Although ICP4 exhibited a dense binding pattern at early times (2 hpi), with relatively broad, overlapping peaks we were able to determine high confidence binding sites. The final sites were consistent between biological replicates. We analyzed 100 bp extensions from the summits of the peaks seen at all 3 times (Fig. 1E) for motif discovery. DTSGKBDTBNHSG was the only motif discovered (Fig. 1B), where D is A, G, T; S is C or G; K is G or T; B is C, G, T; H is A, C, T. This binding motif was very close to that previously discovered using in vitro techniques, RTCGTCNNYNYSG (DiDonato et al., 1991). These minor deviations may be due to protein partners or DNA binding proteins altering the binding ability of ICP4 in vivo.
These results demonstrate that ICP4 binds to specific sites, but also coats the genome early in infection forming a type of nucleoprotein. Due to mass action, ICP4-nucleoprotein changes as infection proceeds, limiting binding to predominantly strong cognate binding sites as the number of genomes increase due to replication.
ICP4 stabilizes GTF binding promoting cooperative preinitiation complex (PIC) assembly
We wanted to investigate how the formation of ICP4-nucleoprotein affects the transcription factor landscape across the viral genome. We compared the binding of ICP4, Pol II, TATA-binding protein (TBP), SP1, Med1, and Med23 in ICP4 null (n12) and wild-type (WT) HSV-1 infected human fibroblasts at 2.5 hpi by ChIP-Seq (Fig. S1). In the absence of ICP4, we observed a decrease in binding for all the factors to most viral promoters, with the exception of IE genes (Fig. 2A-B), where there was an increase in binding. There were detectable, although highly reduced, peaks of TBP and SP1 binding to the UL23 promoter in the absence of ICP4. It has been previously shown that these sites are functional in the n12 background reflecting the basal binding activity of TBP and SP1 (Imbalzano et al., 1991) (Fig. 2B). Similar to UL23 we observed TBP and SP1 bound to select E promoters in the absence of ICP4, namely UL23, UL29, UL39, and UL50 (Fig. S1).

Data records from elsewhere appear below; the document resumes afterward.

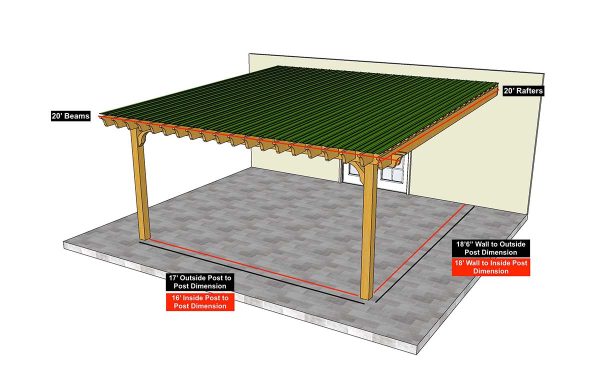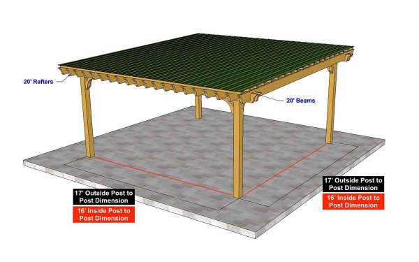 20×20 Big Kahuna PLUS Covered Pergola Kit comes standard with:
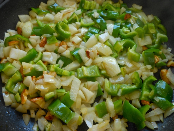 Añade a continuación, la cebolla y el pimiento troceado junto a una poquita de sal fina. Baja el fuego, tapa la paellera y deja que las hortalizas se ablanden durante 15 minutos.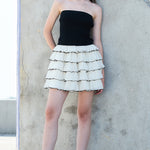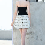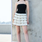 Ribbed Strapless Top & Layered Ruffle Mini Dress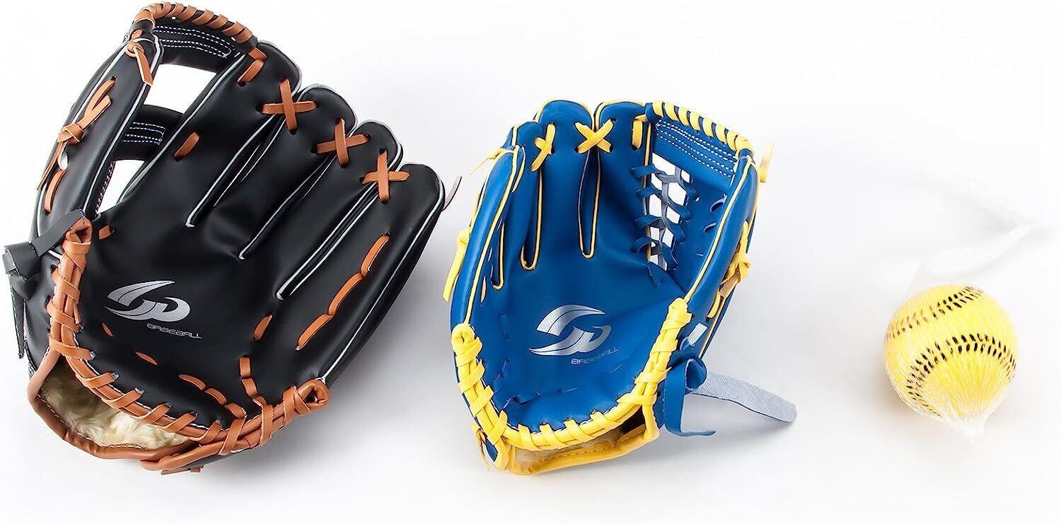 【安心のサイズ展開と快適なフィット感!】大人用グローブは11.5インチの黒、子供用は9インチの青となっており、親子それぞれに合わせたサイズが選べます。柔らかい素材を使用しているため、初心者でも扱いやすく、手になじみやすい設計です。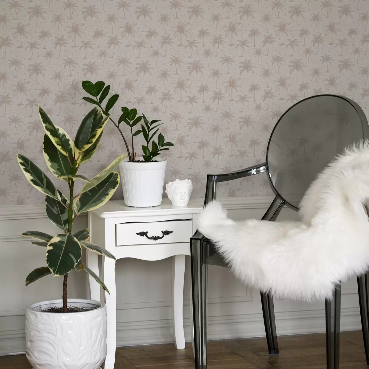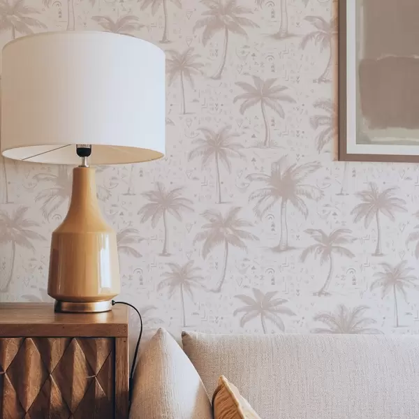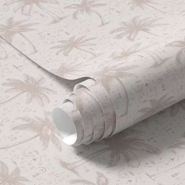 Tapeta Palmy s etnickými symboly, pastelově růžový tón Nr. a00213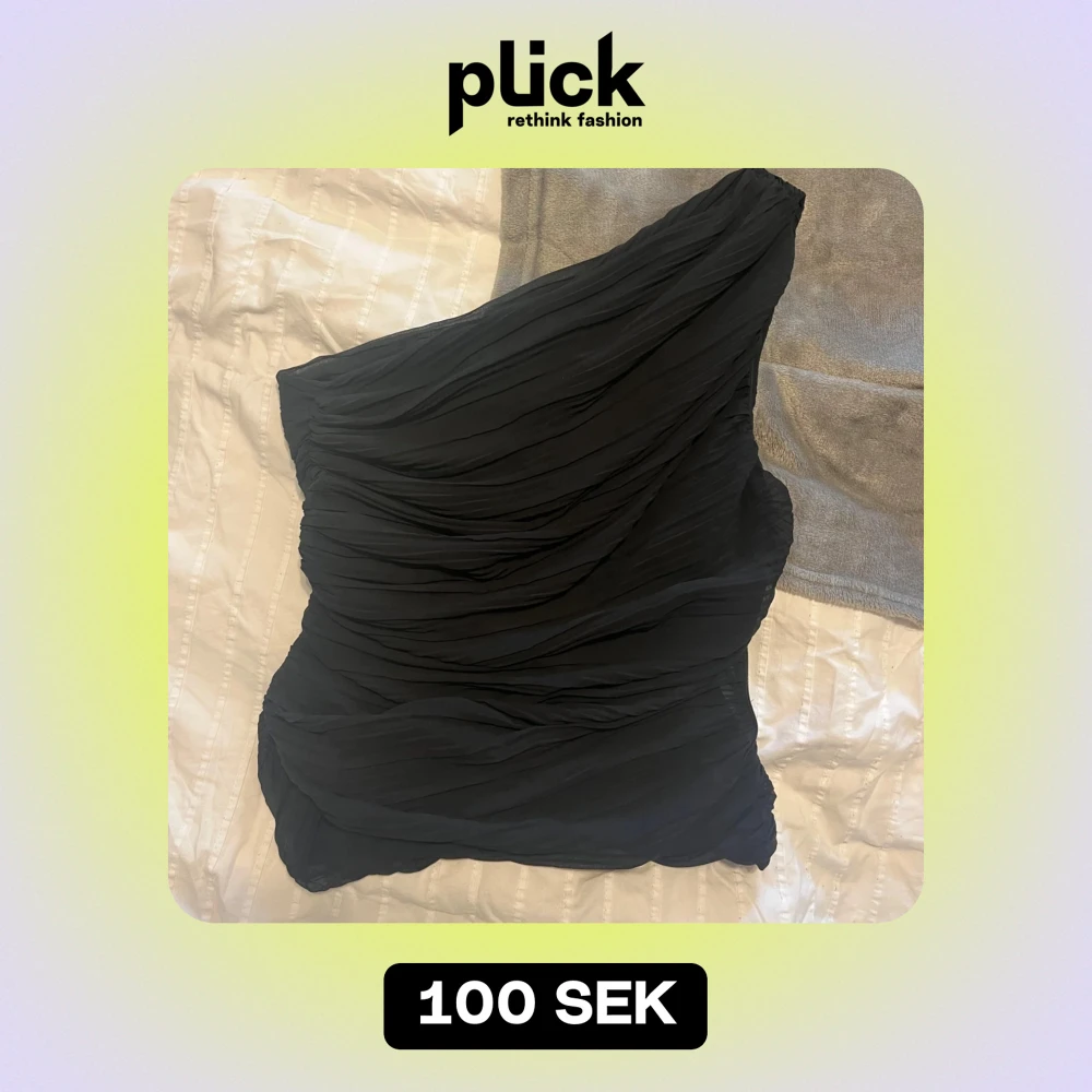 Snygg svart oneshoulder blus från Zara i ett draperat tyg. Den är i bra skick med en liten reva på innertyget som inte syns när man har på sig den. Använd fåtal gånger.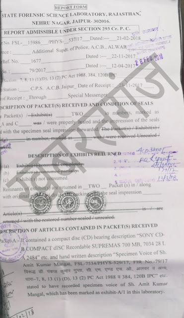 अलवर के चर्चित सीएमएचओ रिश्वत प्रकरण में वॉयस सैम्पल की रिपोर्ट आई है जिसमें कुछ नहीं है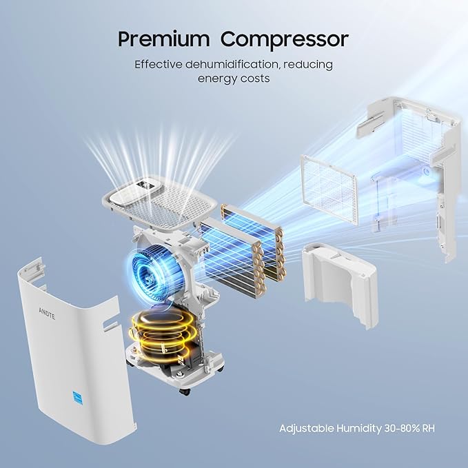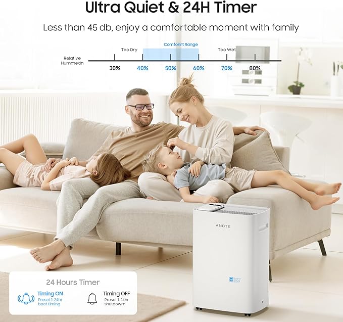 - Efficient Energy Star Dehumidifier: ANDTE home dehumidifier recognized as ENERGY STAR deliver cutting edge energy efficiency along with the latest in technological innovation. It consumes significantly less electricity and better performance and help you reduce your electricity bill by up to 45% compared to non-certified or normal energy star models. The ultimate example of energy efficiency and environmental friendliness.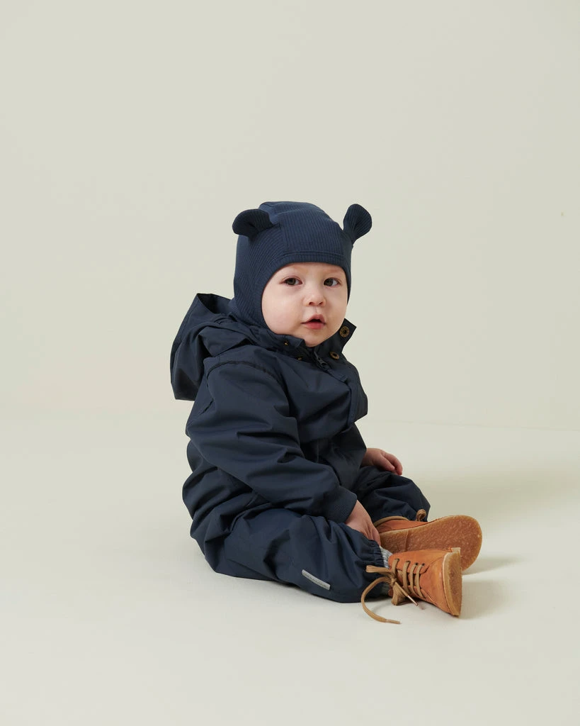 Spring suit for the little ones in a light, thin and soft material. The spring suit has two zippered pockets at the front, a good and comfortable fit and closes with a zipper and press studs at the front. The spring suit has a removable hood, adjustable foot straps and a name tag on the inside.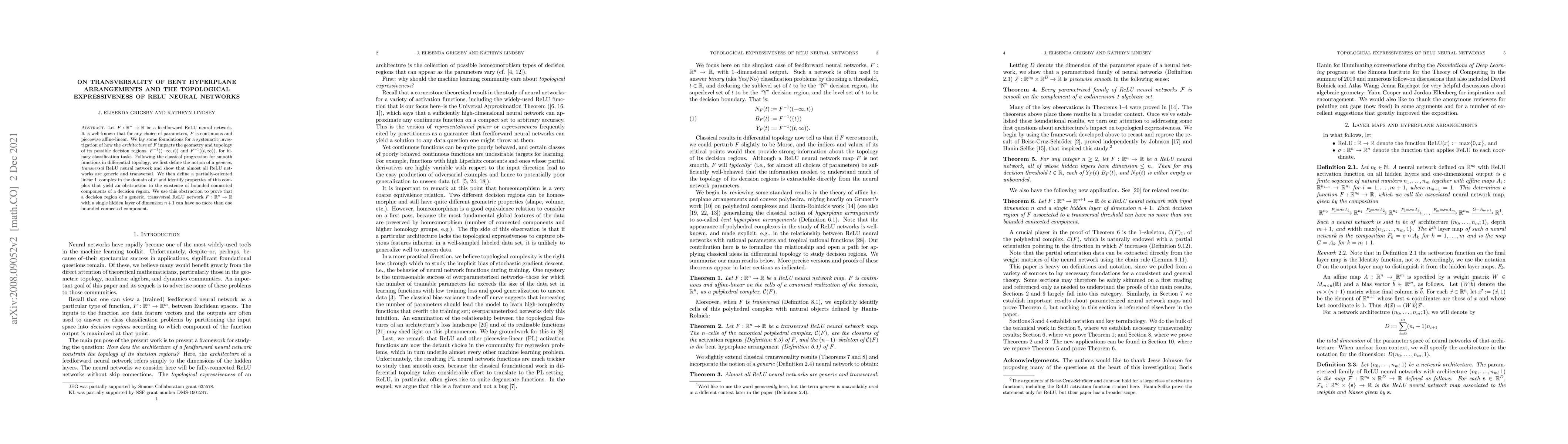 This paper investigates the transversality of bent hyperplane arrangements in ReLU neural networks and their topological expressiveness. It establishes that almost all ReLU networks are generic and transversal, and proves that a single-layer ReLU network with n+1 hidden units cannot have more than one bounded connected component in its decision region.

Med1 and Med23 bound the viral genome with an almost identical pattern (Fig. S1, Fig. 2), indicating they are parts of the Mediator complex bound early during viral infection. In WT infected cells, the binding of Mediator concentrated near the starts sites of ICP4-induced viral genes. However, the Mediator complex also densely coated the viral genome, resembling the ICP4 binding pattern. This dense coating was completely absent in n12 infection, demonstrating this phenotype is not an artifact of the IP. We suspect this reflects the fact that ICP4 and Mediator interact.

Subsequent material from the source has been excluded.